David Kilson

No. 43
- Position: Defensive back

Personal information
- Born: August 11, 1960 (age 65) San Francisco, California, U.S.
- Listed height: 6 ft 1 in (1.85 m)
- Listed weight: 200 lb (91 kg)

Career information
- High school: Grant Union (Sacramento, California)
- College: Sacramento CC (1979–1980) Nevada (1981–1982)
- NFL draft: 1983: undrafted

Career history
- Buffalo Bills (1983);

Career NFL statistics
- Fumble recoveries: 3
- Touchdowns: 1
- Stats at Pro Football Reference

= David Kilson =

American football player (born 1960)

David Wayne Kilson (born August 11, 1960) is an American former professional football player who was a defensive back for the Buffalo Bills of the National Football League (NFL). He played college football for the Sacramento City Panthers and Nevada Wolf Pack.

==Early life==
David Wayne Kilson was born on August 11, 1960, in San Francisco, California.
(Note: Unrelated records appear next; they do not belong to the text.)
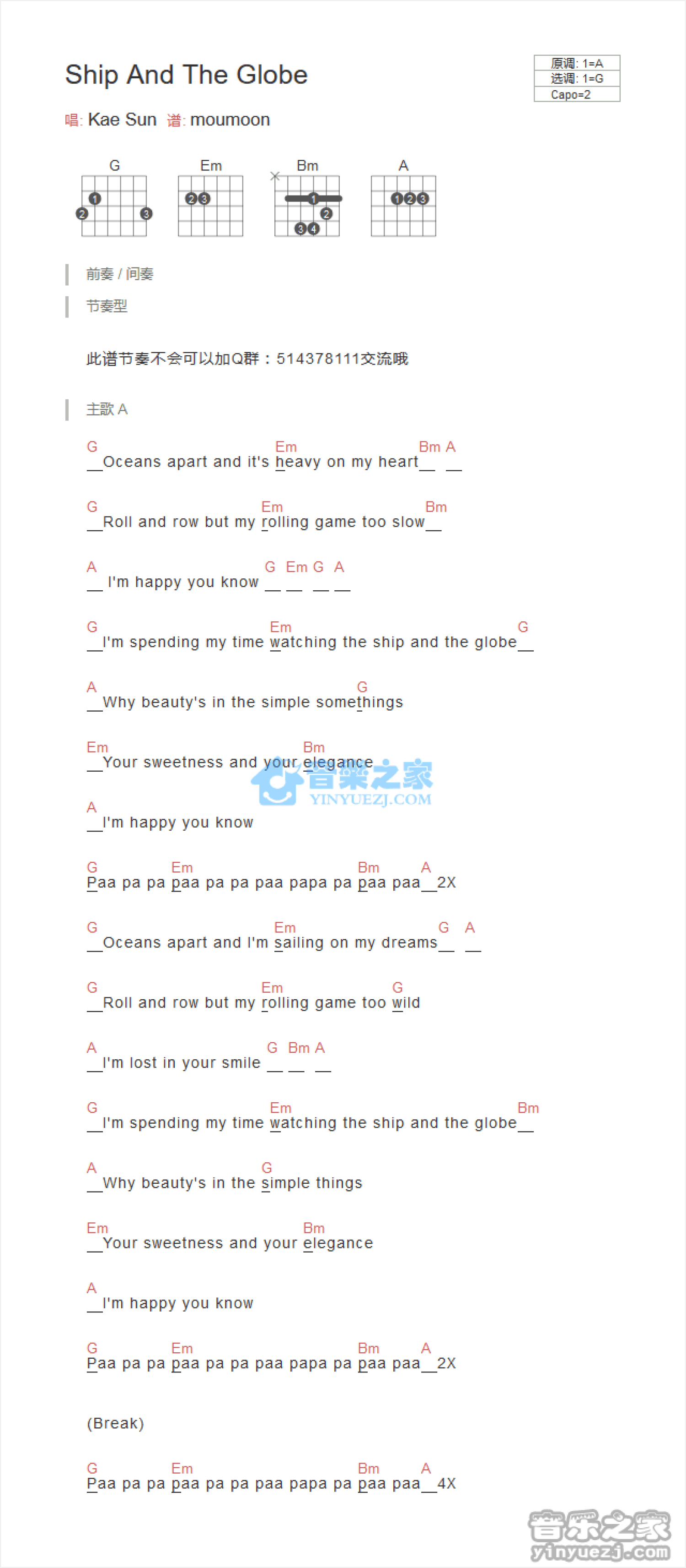 曲谱介绍: G调版 Kae Sun《Ship And The Globe》吉他和弦弹唱谱
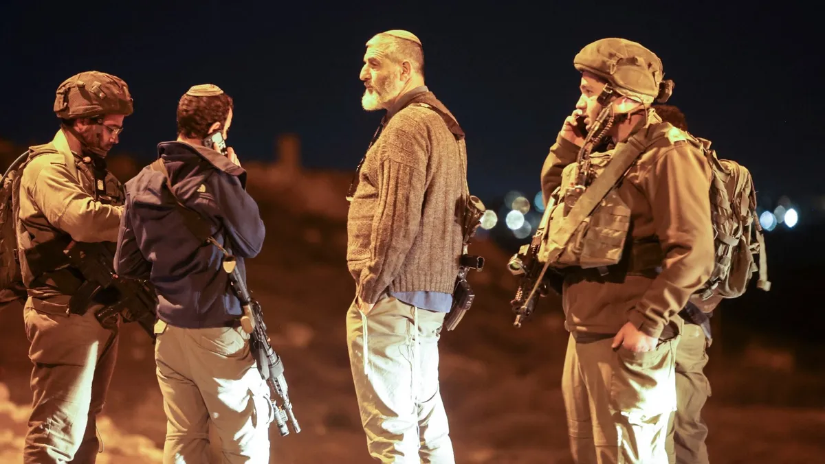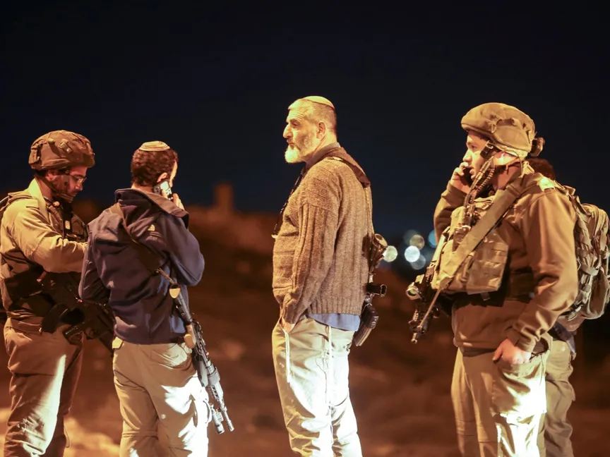 مستوطنون إسرائيليون مسلحون مع قوات إسرائيلية قرب مستوطنة في الخليل بالضفة الغربية المحتلة. 11 يناير 2023 - AFP
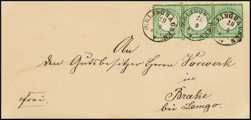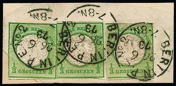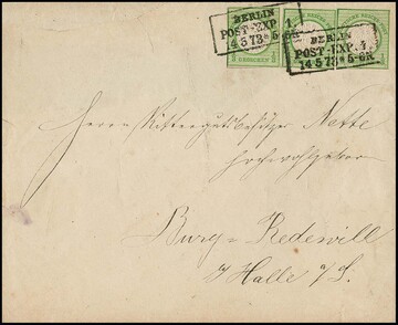 Ganzsachen-Ausschnitte 1/3 Gr. grün per drei als sehr ungewöhnliche Mehrfach-Frankatur auf Couvert (min. Öffnungsmängel) mit Ra3 "Berlin Post-Exp. 1", 14.5.73. Ex Kruschel, Attest Krug "in einwandfreier Erhaltung ... Sehr seltene Mehrfachfrankatur mit Ganzsachen-Ausschnitten".

He attended Grant Union High School in Sacramento, California.

==College career==
Kilson first played college football at Sacramento City College from 1979 to 1980. He was then a two-year letterman for the Nevada Wolf Pack of the University of Nevada, Reno from 1981 to 1982. In 2003, he was inducted into the Sacramento City College Hall of Fame.

==Professional career==
After going undrafted in the 1983 NFL draft, Kilson signed with the Buffalo Bills on May 12. He played in all 16 games, starting two, for the Bills during the 1983 season, recovering three fumbles for 88 yards and one touchdown. His 87-yard fumble recovery that was returned for a touchdown on September 25, 1983, is the longest fumble return in Bills history. Kilson's 88 fumble recovery yards are also the most in one season in team history. He was released by the Bills on August 20, 1984.